→ Your task
Return exactly those lines of the material below that fall between the line holding "Hand Bend Titanium" and the line holding "genuine exhaust system.", inclusive.

→ Input records
####

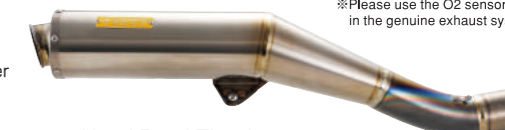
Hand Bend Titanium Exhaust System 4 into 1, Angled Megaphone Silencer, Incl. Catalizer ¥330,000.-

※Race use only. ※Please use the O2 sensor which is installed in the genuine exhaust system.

####

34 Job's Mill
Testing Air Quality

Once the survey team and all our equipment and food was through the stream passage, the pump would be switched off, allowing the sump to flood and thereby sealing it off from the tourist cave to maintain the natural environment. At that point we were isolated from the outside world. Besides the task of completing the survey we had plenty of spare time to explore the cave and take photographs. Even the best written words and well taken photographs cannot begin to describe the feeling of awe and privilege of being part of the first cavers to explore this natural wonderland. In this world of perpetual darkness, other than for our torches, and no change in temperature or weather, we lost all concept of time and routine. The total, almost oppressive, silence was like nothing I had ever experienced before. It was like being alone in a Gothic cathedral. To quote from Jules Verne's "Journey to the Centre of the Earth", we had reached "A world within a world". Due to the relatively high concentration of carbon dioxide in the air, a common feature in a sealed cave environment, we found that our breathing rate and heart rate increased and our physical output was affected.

####

→ Exercise result
Hand Bend Titanium Exhaust System 4 into 1, Angled Megaphone Silencer, Incl. Catalizer ¥330,000.-

※Race use only. ※Please use the O2 sensor which is installed in the genuine exhaust system.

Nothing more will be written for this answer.